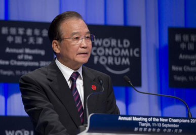溫家寶出席第六屆夏季達(dá)沃斯論壇開(kāi)幕式并致辭
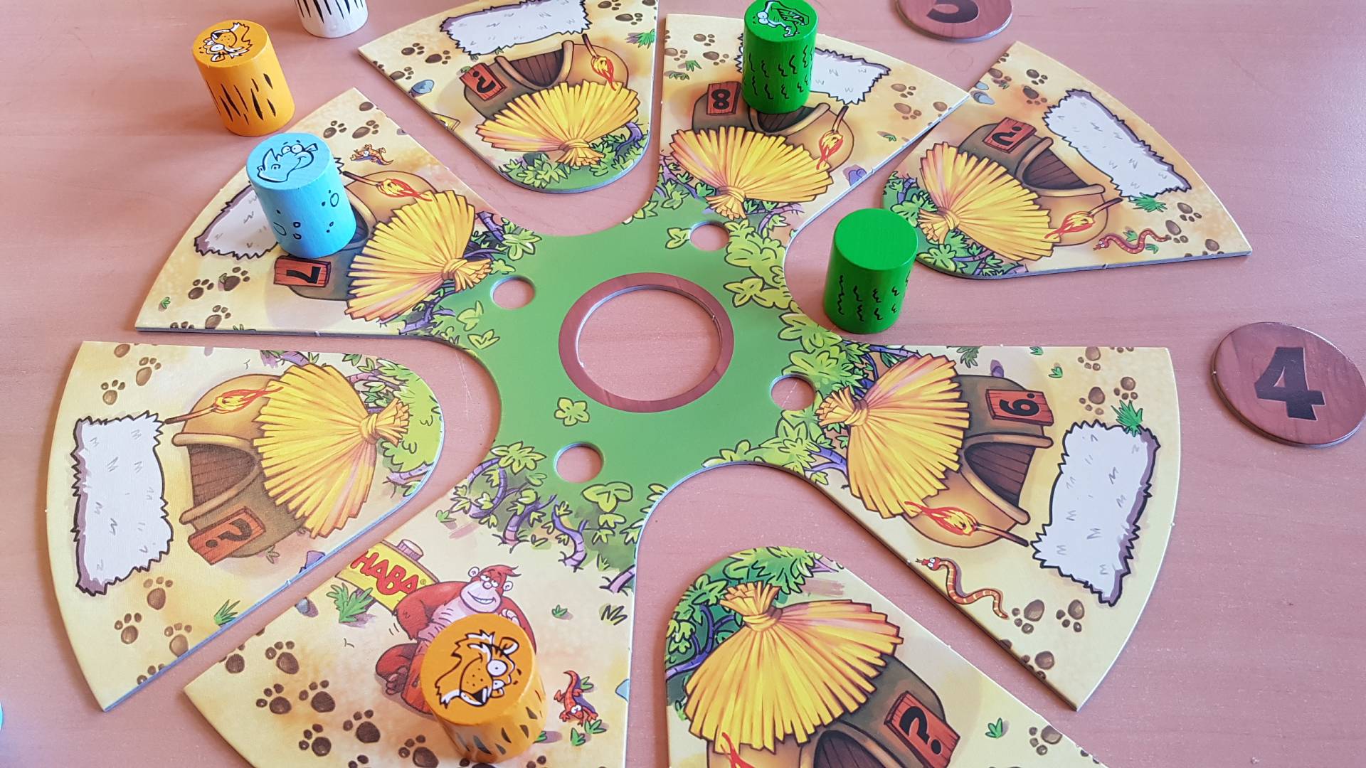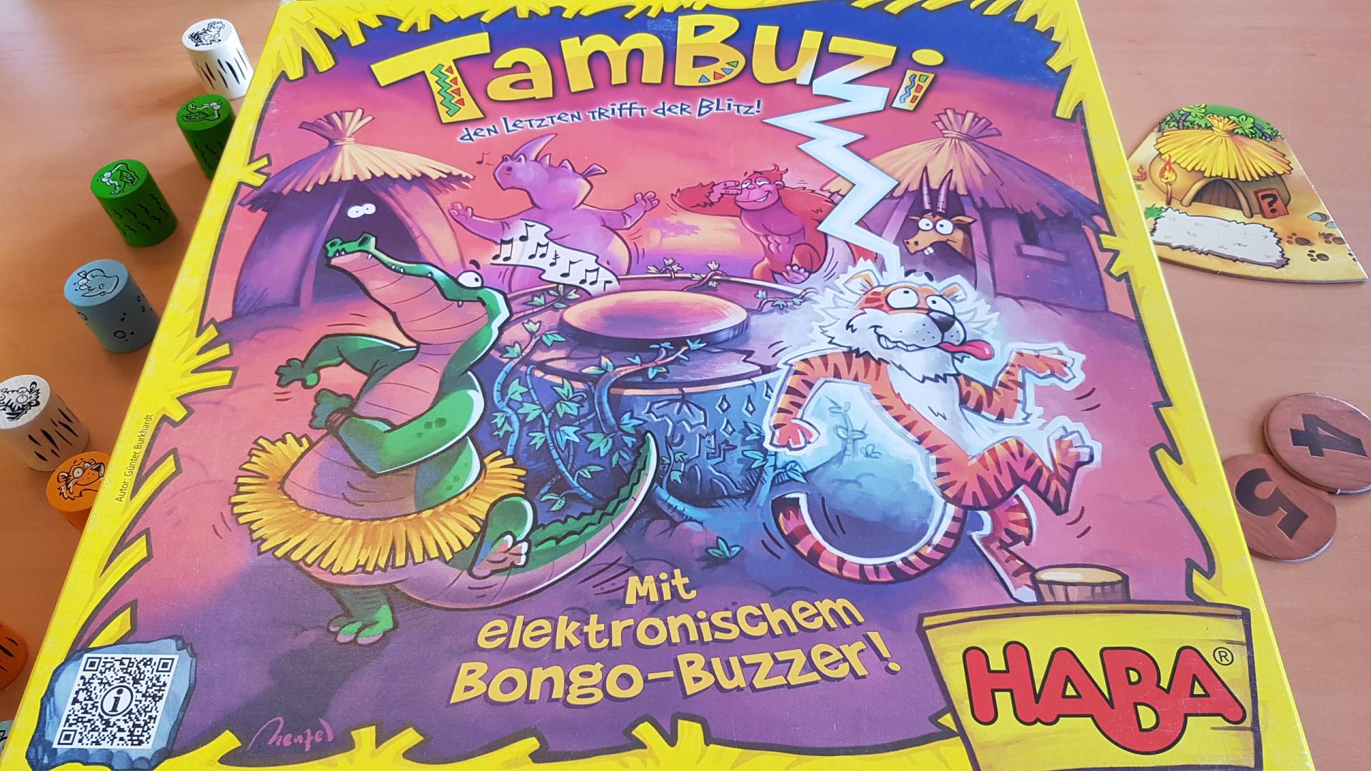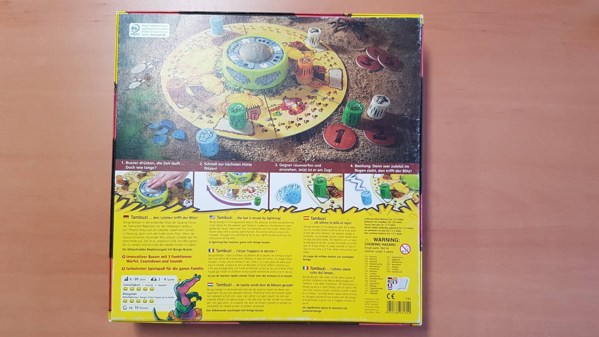 Bongo-Bongo! In der brütenden Hitzeder Savanneführen die Tiere einen Regentanz für den Wettergott Tambuzi auf. Plötzlich braut sich ein Gewitter zusammen! Schnell in Deckung, doch nicht alle finden einen Platz. Wenn der Sound mit einem zischenden Blitz erlischt, scheidet das Tier ohne Hütte aus. Ziel ist es, möglichst nicht vom Blitz getroffen zu werden und am Ende die meisten Punkte zu haben.
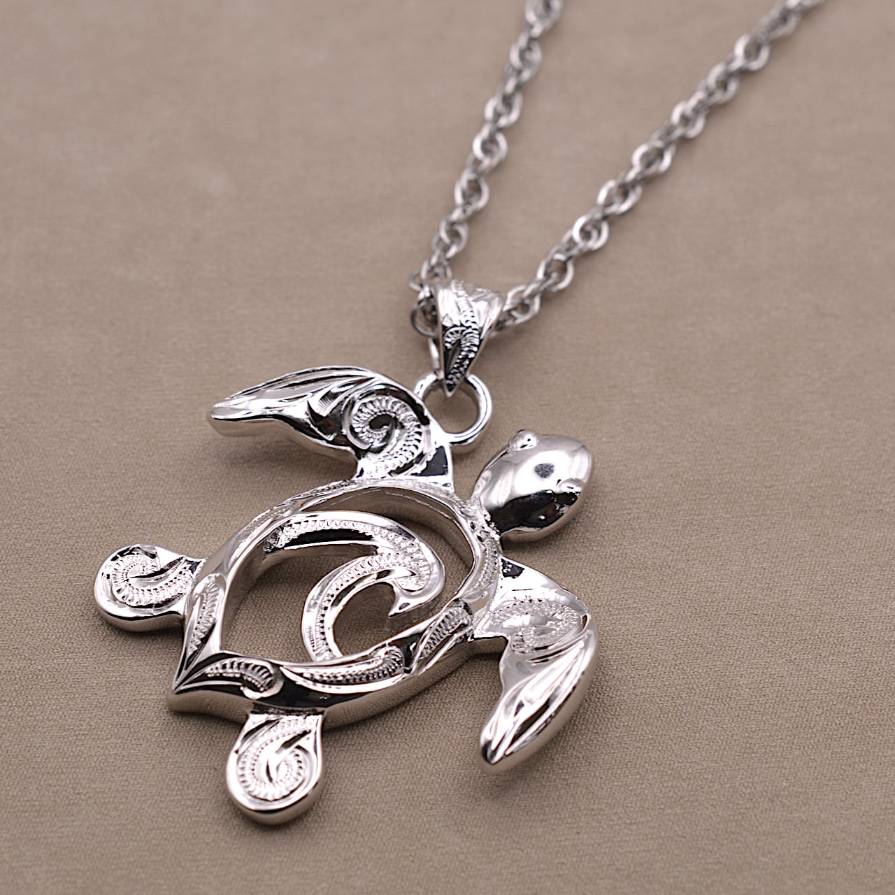 ハワイで「海の守り神」として親しまれるホヌ(ウミガメ)モチーフのペンダントトップ。
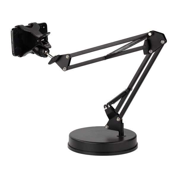 Universalt Smartphone-stativ med vektet base, kompatibel med de fleste smarttelefoner mellom 4 og 6,3. Armen er konstruert av stål og kan justeres i høyden ved hjelp av tommelhjul og fjærer.

+++++

▶ Problem to work on
Restate, exactly as they appear, the line with "ハワイで「海の守り神」として" and all the lines after it up to the end of the data above; images do not belong in the copy.

▶ Solution for this task
 ハワイで「海の守り神」として親しまれるホヌ(ウミガメ)モチーフのペンダントトップ。
 Universalt Smartphone-stativ med vektet base, kompatibel med de fleste smarttelefoner mellom 4 og 6,3. Armen er konstruert av stål og kan justeres i høyden ved hjelp av tommelhjul og fjærer.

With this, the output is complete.